RAW DATA:
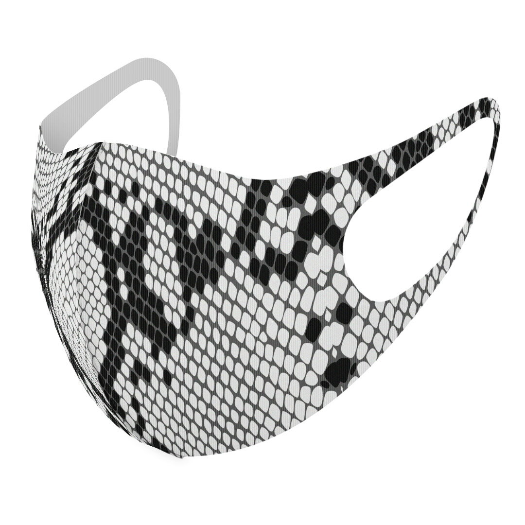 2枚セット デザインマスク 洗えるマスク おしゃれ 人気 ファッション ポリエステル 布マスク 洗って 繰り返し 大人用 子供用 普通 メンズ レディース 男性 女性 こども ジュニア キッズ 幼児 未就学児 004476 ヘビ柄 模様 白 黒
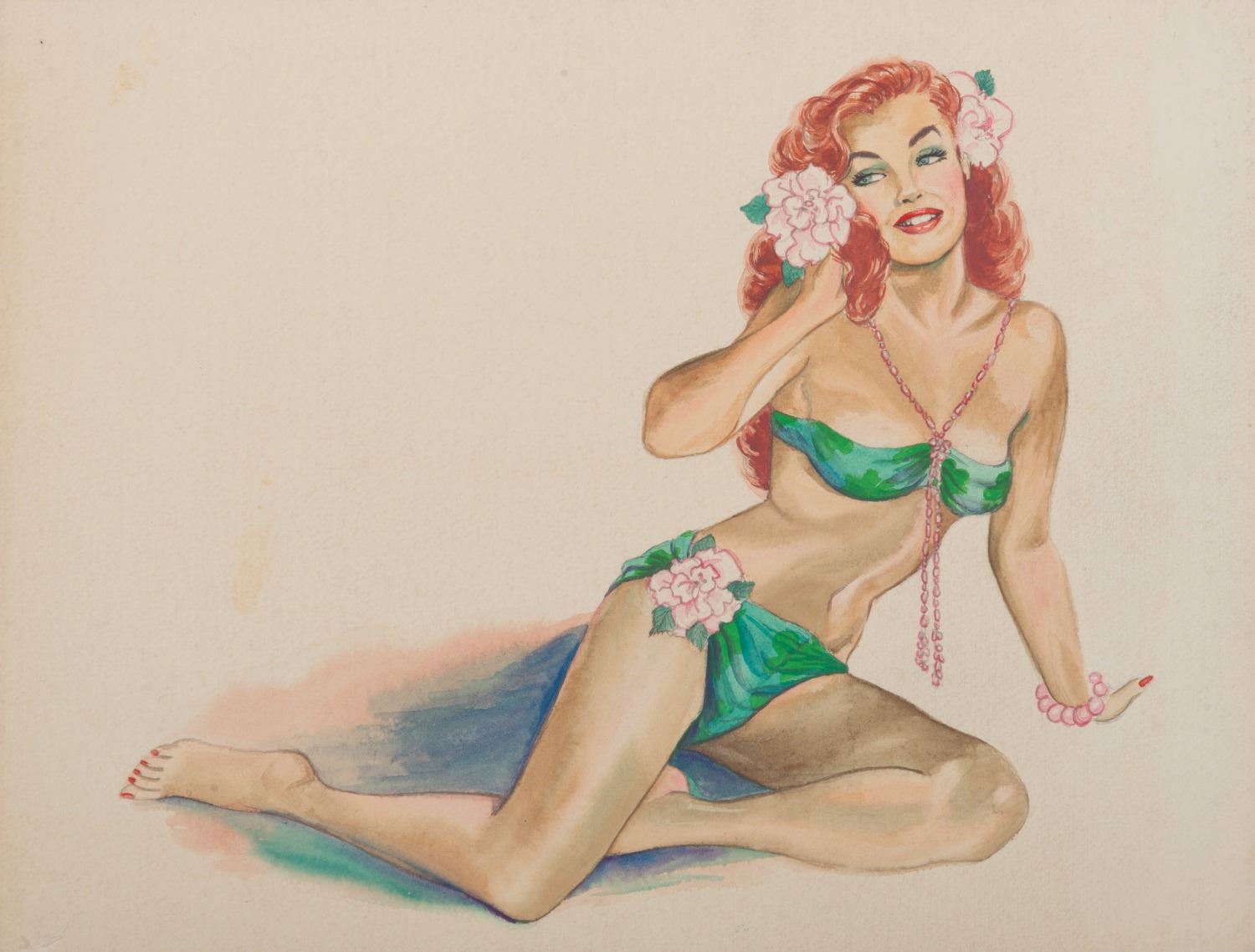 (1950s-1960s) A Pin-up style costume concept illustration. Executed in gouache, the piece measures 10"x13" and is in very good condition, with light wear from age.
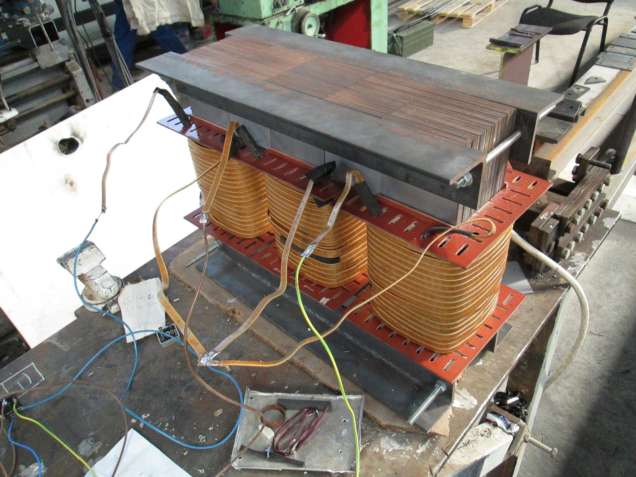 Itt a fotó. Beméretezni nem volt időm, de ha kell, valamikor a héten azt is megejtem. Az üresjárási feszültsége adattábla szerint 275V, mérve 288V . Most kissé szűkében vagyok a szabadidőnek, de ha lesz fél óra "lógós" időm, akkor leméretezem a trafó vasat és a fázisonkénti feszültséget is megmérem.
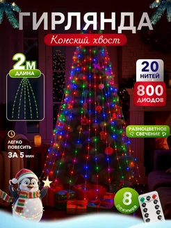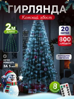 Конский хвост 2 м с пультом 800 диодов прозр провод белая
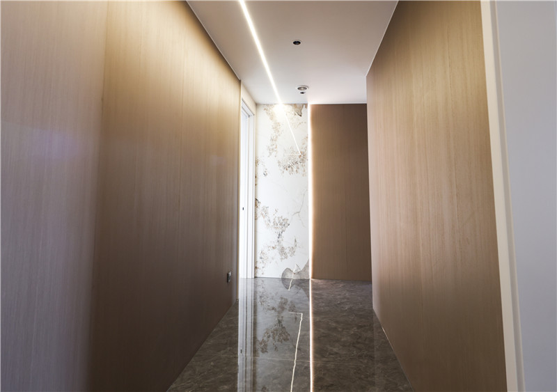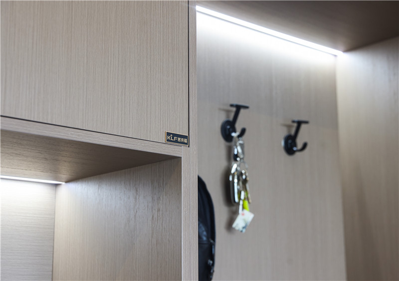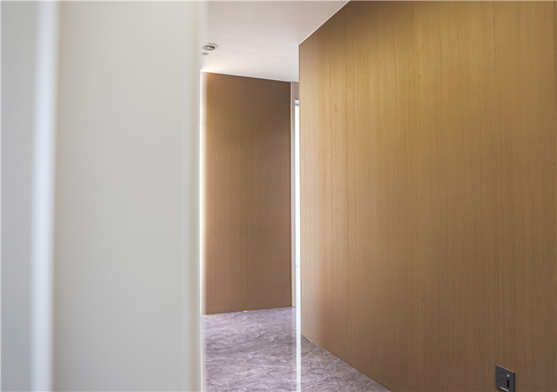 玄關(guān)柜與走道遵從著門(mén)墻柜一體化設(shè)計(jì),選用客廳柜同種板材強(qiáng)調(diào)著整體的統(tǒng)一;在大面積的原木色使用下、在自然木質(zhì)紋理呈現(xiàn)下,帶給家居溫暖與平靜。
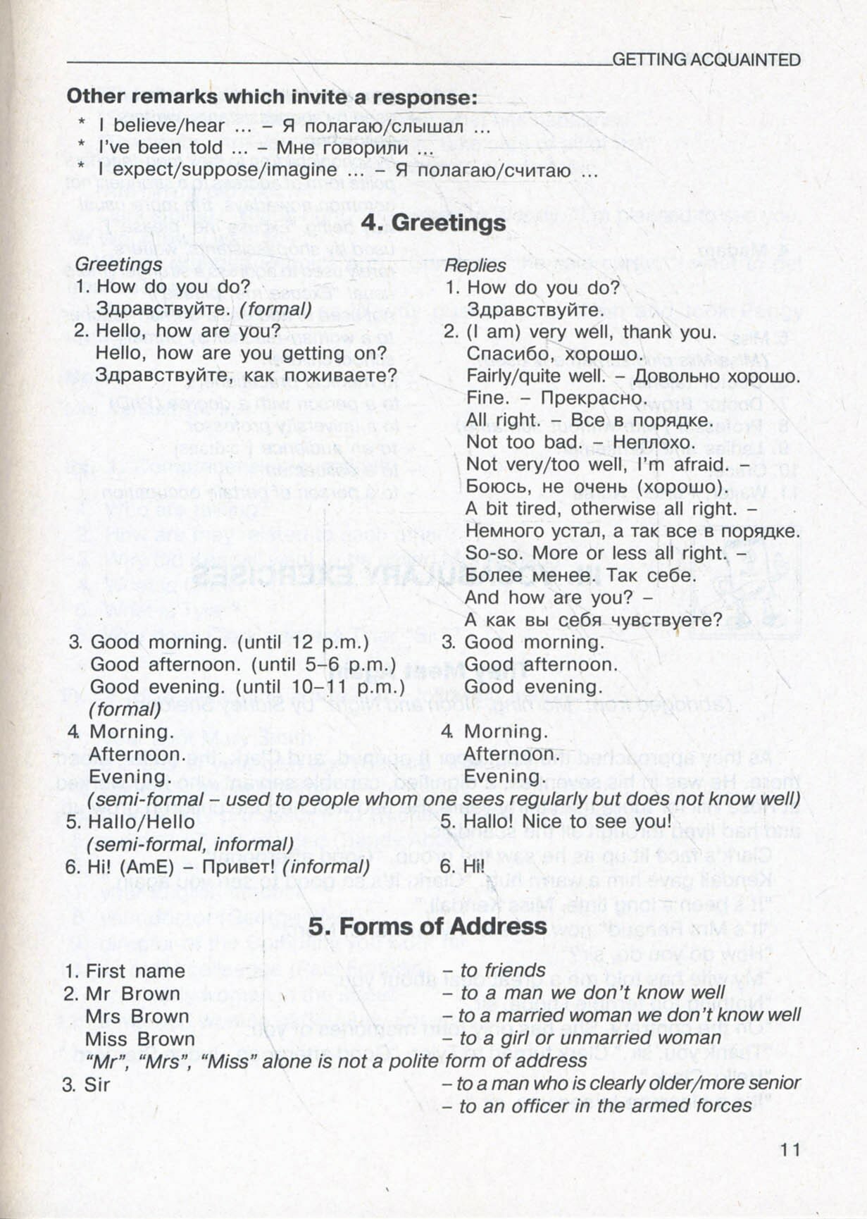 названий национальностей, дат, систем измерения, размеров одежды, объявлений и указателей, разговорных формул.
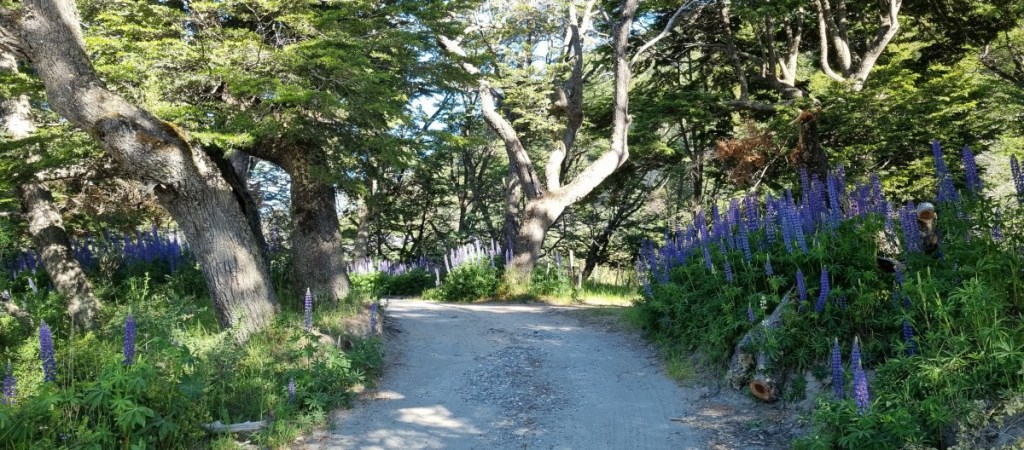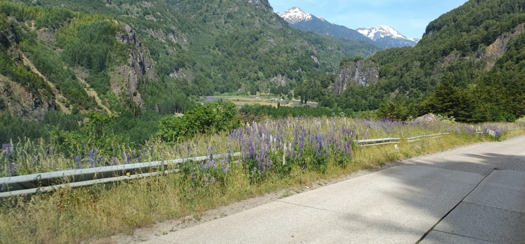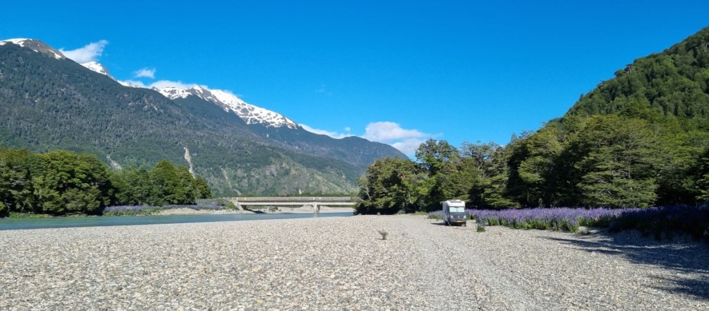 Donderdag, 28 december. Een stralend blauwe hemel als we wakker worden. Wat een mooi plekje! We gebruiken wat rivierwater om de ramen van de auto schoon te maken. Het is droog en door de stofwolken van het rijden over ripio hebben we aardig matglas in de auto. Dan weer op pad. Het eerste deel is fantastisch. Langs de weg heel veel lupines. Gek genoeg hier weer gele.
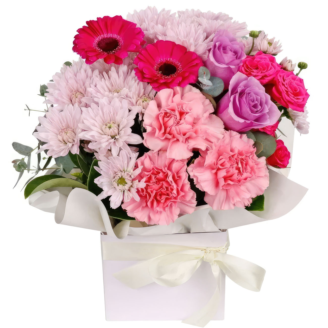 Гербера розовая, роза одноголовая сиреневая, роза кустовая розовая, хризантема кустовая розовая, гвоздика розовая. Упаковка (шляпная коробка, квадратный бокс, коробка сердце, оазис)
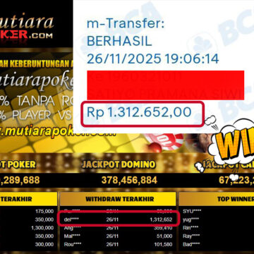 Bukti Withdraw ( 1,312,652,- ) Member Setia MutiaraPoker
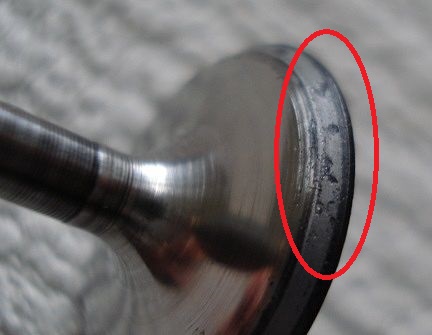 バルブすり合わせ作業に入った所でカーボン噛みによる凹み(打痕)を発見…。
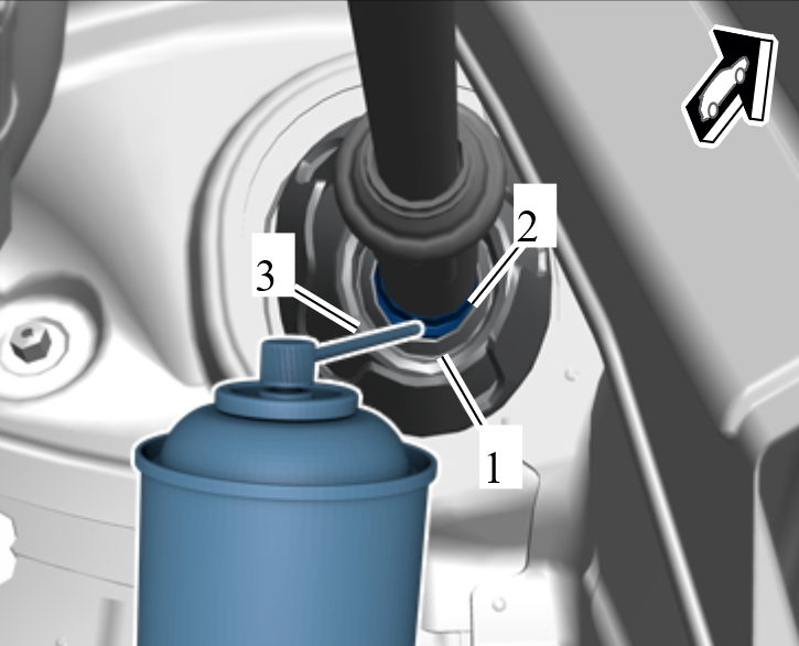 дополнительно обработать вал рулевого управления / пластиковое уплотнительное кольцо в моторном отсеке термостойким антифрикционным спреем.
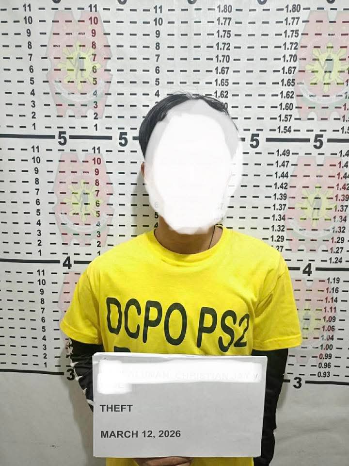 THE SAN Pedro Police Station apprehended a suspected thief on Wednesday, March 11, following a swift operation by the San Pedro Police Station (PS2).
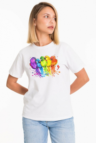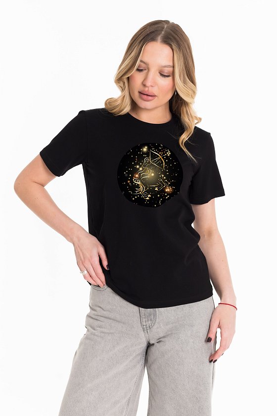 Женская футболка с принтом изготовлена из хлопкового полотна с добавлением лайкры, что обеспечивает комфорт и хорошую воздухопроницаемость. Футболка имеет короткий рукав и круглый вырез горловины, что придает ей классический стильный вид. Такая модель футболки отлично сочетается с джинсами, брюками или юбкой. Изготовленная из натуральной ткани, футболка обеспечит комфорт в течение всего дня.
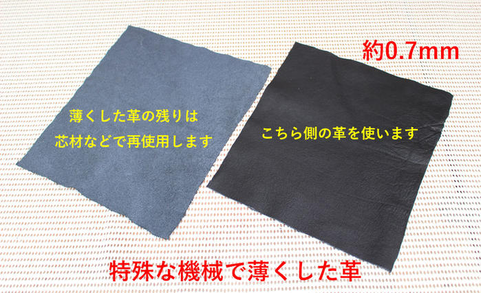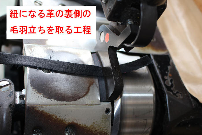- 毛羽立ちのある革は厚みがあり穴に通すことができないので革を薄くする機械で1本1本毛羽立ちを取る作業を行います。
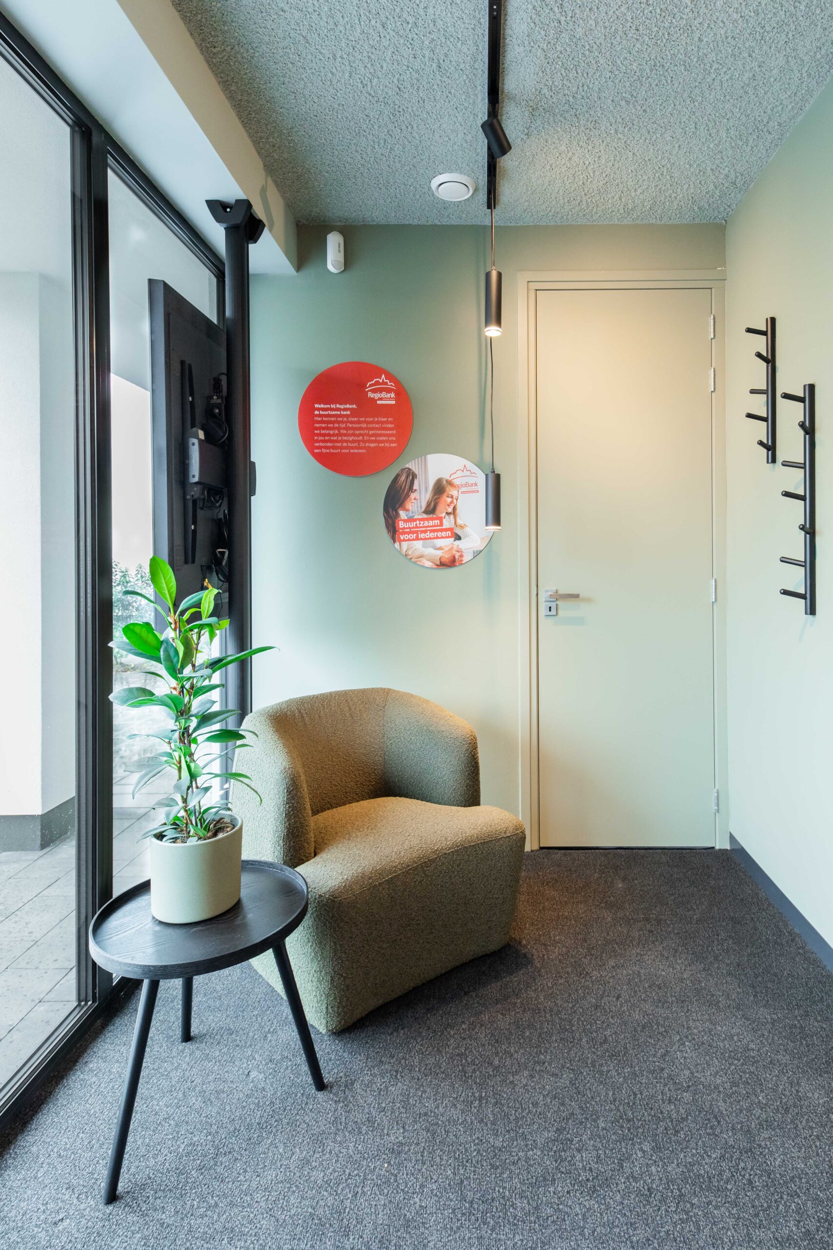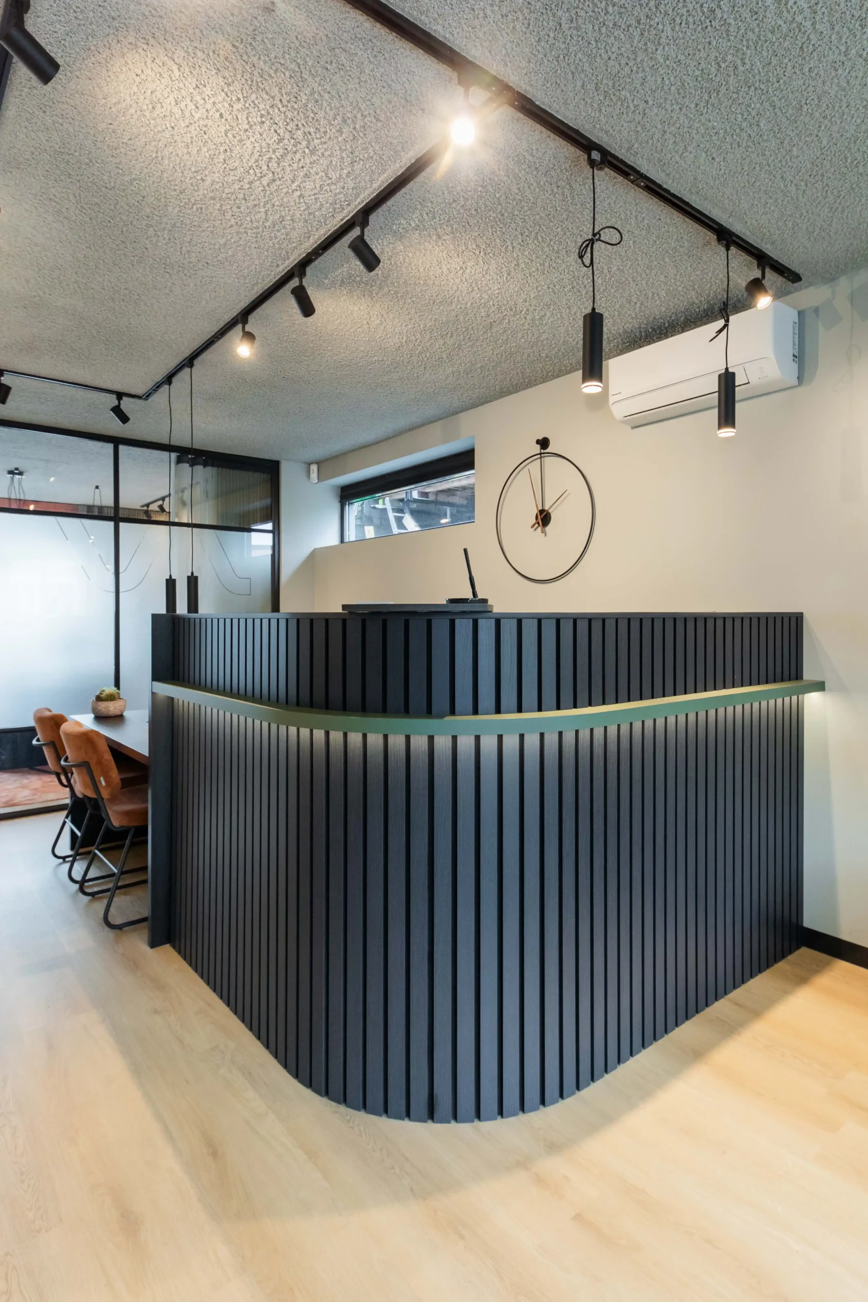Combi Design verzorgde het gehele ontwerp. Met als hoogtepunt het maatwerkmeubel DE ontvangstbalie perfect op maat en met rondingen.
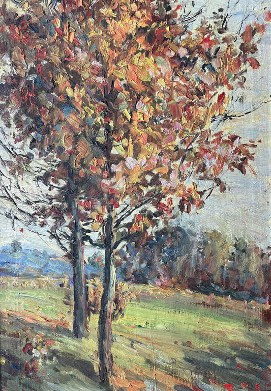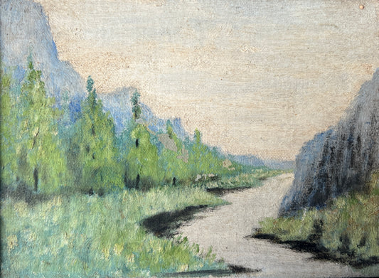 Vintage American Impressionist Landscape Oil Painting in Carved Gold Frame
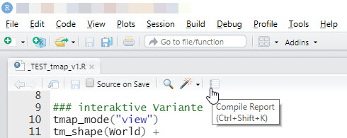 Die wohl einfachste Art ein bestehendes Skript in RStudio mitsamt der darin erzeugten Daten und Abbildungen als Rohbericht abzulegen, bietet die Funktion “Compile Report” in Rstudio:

ACTION ITEM:
Extract exactly the lines above from the line containing "Combi Design verzorgde" through the last one, both ends included, but not the pictures.

COMPLETED EXERCISE:
Combi Design verzorgde het gehele ontwerp. Met als hoogtepunt het maatwerkmeubel DE ontvangstbalie perfect op maat en met rondingen.
 Vintage American Impressionist Landscape Oil Painting in Carved Gold Frame
 Die wohl einfachste Art ein bestehendes Skript in RStudio mitsamt der darin erzeugten Daten und Abbildungen als Rohbericht abzulegen, bietet die Funktion “Compile Report” in Rstudio:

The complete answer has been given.